Julius Earll Jr. had everything going for him: born into a wealthy family, the only son of a very successful businessman. But as a child, he lost an eye in an accident, and then much of his hearing to disease. When he was 10 years old, his father died. And yet young Julius grew up to be “much given to manly sports.” He rode horses, went sailing and ice-boating, and it was said that his yacht and ice-boat were among the fastest on the lake. He was thoughtful and charming; people loved the young man. It seemed that he had found a way to surmount every obstacle placed in his path.
On a Saturday in February of 1882, Julius Earll went ice-boating with a party of his friends. Earll was at the tiller, and B. Frank Petheram, Frank’s sister Gertie, Ella Stacy and Fred Foote were in the boat as well. One other boat was out on the ice, piloted by George Whitfield. As the two boats approached one another, a gust of wind lifted Earll’s boat, he lost the use of his rudder, his craft veered into the path of Whitfield’s, and they collided.
Everyone escaped injury, except for Julius Earll. He was impaled on a sharp iron runner of the other boat and carried several yards across the ice before the boat could be brought to a stop. The wound was just below Earll’s left hip, and it was grievous, some eight inches deep, “penetrating the vitals.”

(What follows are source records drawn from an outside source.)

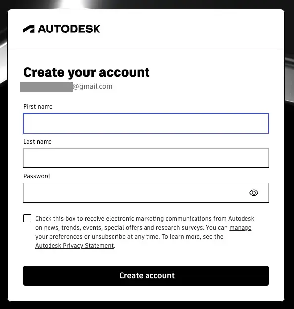 Первое, что нужно сделать — зарегистрировать аккаунт Autodesk. Для этого: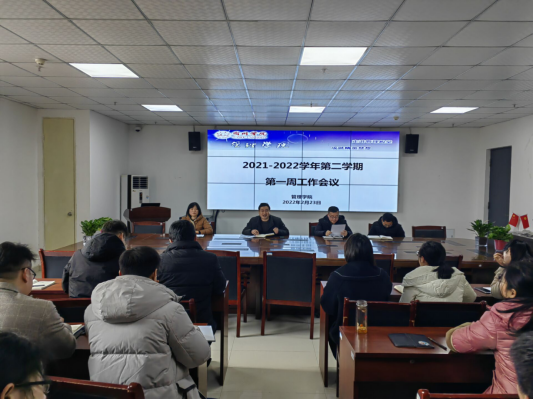 2022年2月23日,管理学院在教育园区实训楼C301召开2021-2022学年第二学期第一周教学工作例会。院党委书记蔡若愚,院党委副书记、院长韩传龙,副院长(教学)宋徽,院党委副书记张增林及全院教师参加,会议由韩传龙主持。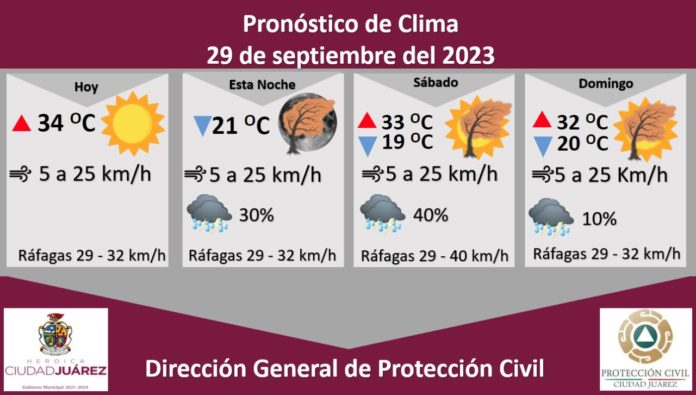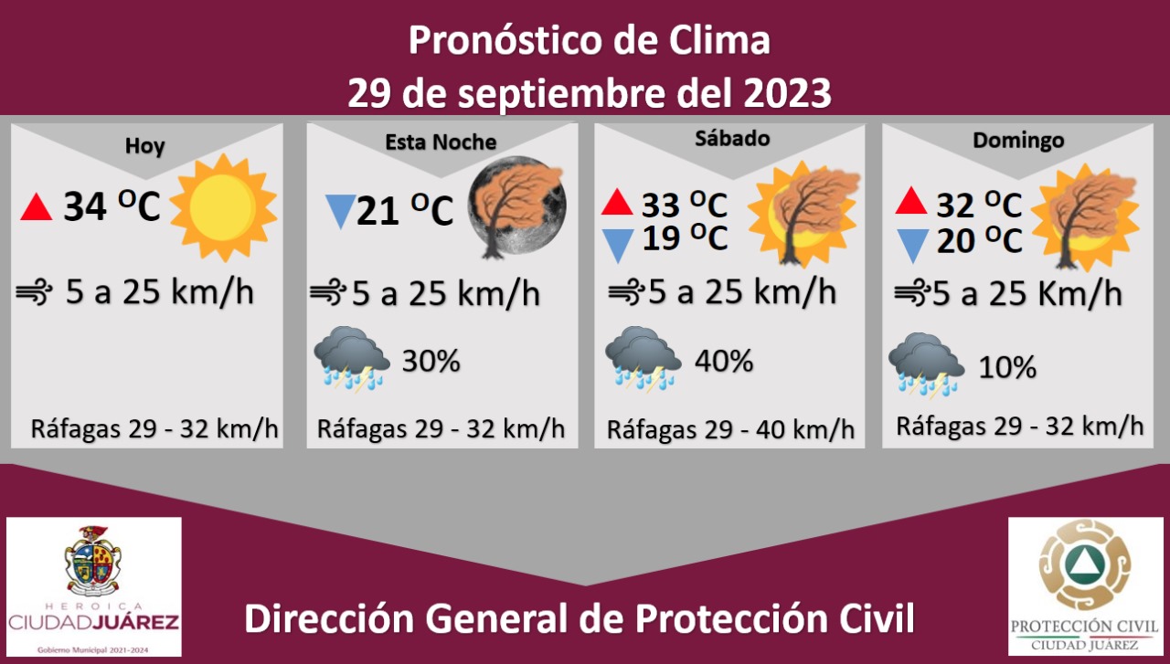 Para mañana sábado se esperan ráfagas de viento que alcanzarán los 40 kilómetros por hora, existe una probabilidad de lluvia de un 40 por ciento, la temperatura máxima será de 33 °C, mientras que la mínima se pronostica en 19 °C, la velocidad del viento será de 5 a 25 kilómetros por hora.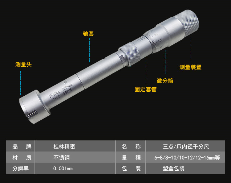 계림 정밀 3 점 내부 마이크로 미터 3 턱 내부 구멍 측정 내부 측정 10-12-16-20-30-40-50mm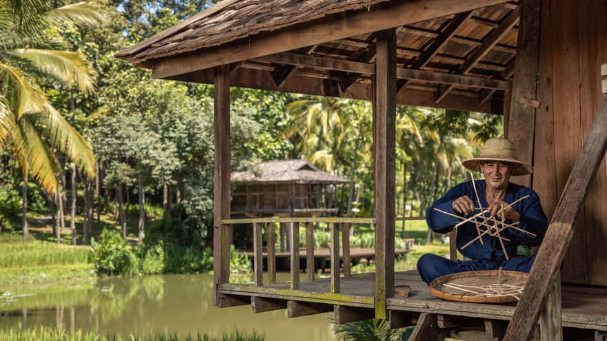 Chaan BaanDiscover time-honoured tools and techniques used in rice cultivation, learn to plant shoots first-hand from our experienced farmers, spin the potter’s wheel or create beautiful art on fabric with natural dyes. Walk through our carefully nurtured herb and vegetable garden, and help our friendly water buffalo with their ritualistic bath.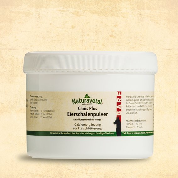 Come supplemento naturale di calcio all’alimentazione con la carne. Canis Extra Polvere di guscio d’uovo è un supplemento come fonte naturale di calcio durante l’alimentazione con le lattine di Canis Extra di pura carne, i rotoli di carne e come supplemento per l’alimentazione BARF. Cani, che non ricevono mai o mangiano raramente delle ossa, hanno bisogno di una fonte di calcio alternativa, per bilanciare il fosforo della carne. La nostra polvere di guscio d’uovo è molto fine per essere ben assorbita dall’organismo. Adatto anche per cani da allevamento. Canis Plus polvere di guscio d’uovo e Canis Plus Calce di alghe marine possono essere alternate come fonte di calcio. Basta mescolarle nel pasto di carne.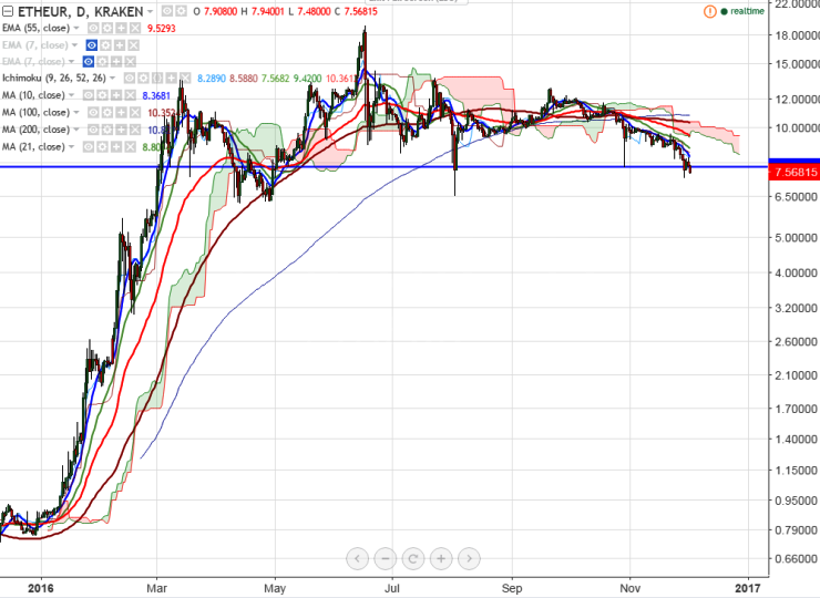 ETH/EUR is seen trading below in red on Friday. The pair declined slightly after jumping till 8.29 yesterday (KRAKEN). It is currently trading around 7.55 at the time of writing.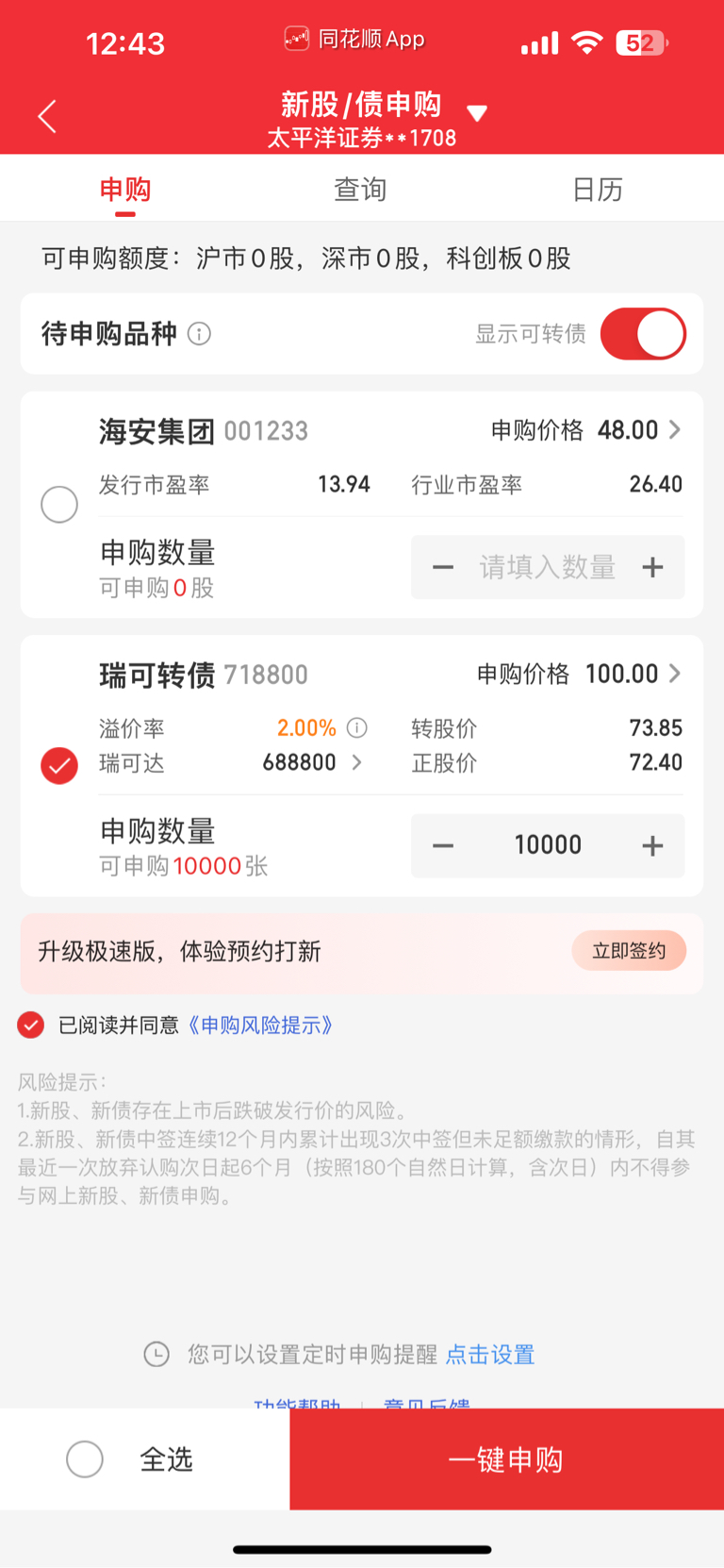 $海安集团(SZ001233)$ 我为什么就申购0股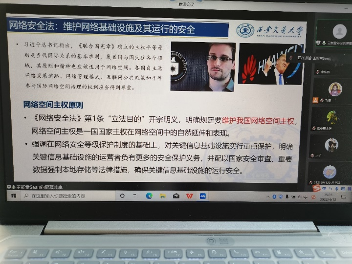 4月13日,法学院组织各党支部一同观看乐动网页版全民国家安全教育普法讲座。由于疫情原因,本次讲座采取线上模式。讲座中,王新雷老师对“新时代我国数据安全、隐私保护的法律成就与个人担当”这一专题进行详细讲解,各位同学都获益匪浅。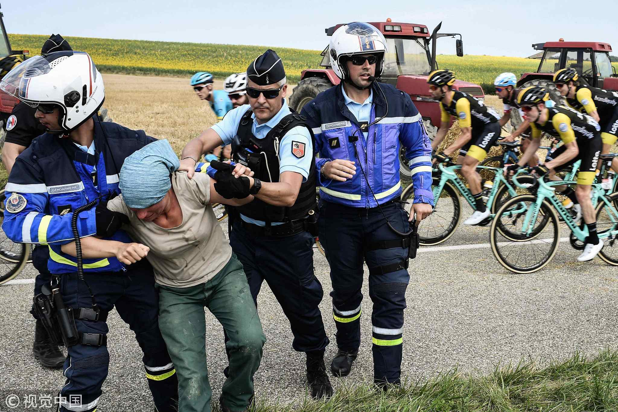 Gendarmes hold back a protester as the pack rides behind, during a farmers' protest that attempted to block the stage's route. /VCG Photo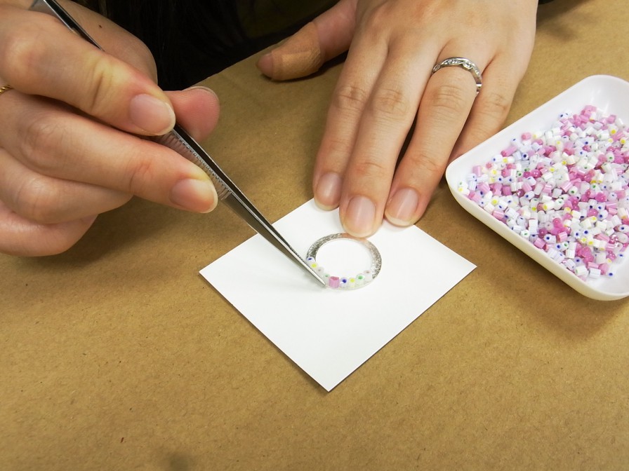 ただし、使用するミルフィオリ(ガラス粒)が2~3mmサイズ、4~6mmサイズと小さいので、老眼鏡をご使用の方はお持ちください。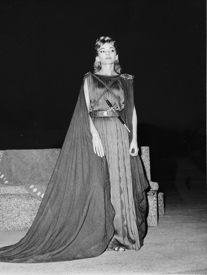 Η μεγαλύτερη λυρική καλλιτέχνις όλων των εποχών συνέπραξε με την Εθνική Λυρική Σκηνή, ερμηνεύοντας την όπερα του Βιτσέντζο Μπελίνι «Νόρμα», έργο το οποίο η ίδια είχε ζητήσει για το ντεμπούτο της στο αρχαίο θέατρο. Υποδύθηκε τον ομώνυμο ρόλο, υπό τις σκηνοθετικές οδηγίες του Αλέξη Μινωτή. Τη μουσική διεύθυνση είχε αναλάβει ο διάσημος Ιταλός διευθυντής ορχήστρας Τούλιο Σεραφίν, ο Γιάννης Τσαρούχης τα σκηνικά, ενώ ο Αντώνης Φωκάς τα κοστούμια.

Unconscious and bleeding profusely, Earll was carried to a store on the shore where Dr. Phillip Benson made a quick examination of the wound. Earll was then carried to his home, and Dr. George W. Earll, a relation, arrived. Dr. R.W. Pease, a surgeon, was summoned from Syracuse, and arrived on the 9:30 p.m. train. But all that the three men could do was give the young man opium for the pain, and wait. Dr. Pease thought Julius Earll had a 50-50 chance, and he did hold onto life for another 24 hours, but death came at 10:15 p.m. on Sunday evening.
Julius Earll was 24 years old; he was survived by his mother and sister. His funeral was held at his family’s home on Wednesday afternoon. The newspaper noted, “The floral offerings were profuse, and of rare designs, typical of the life of the deceased.”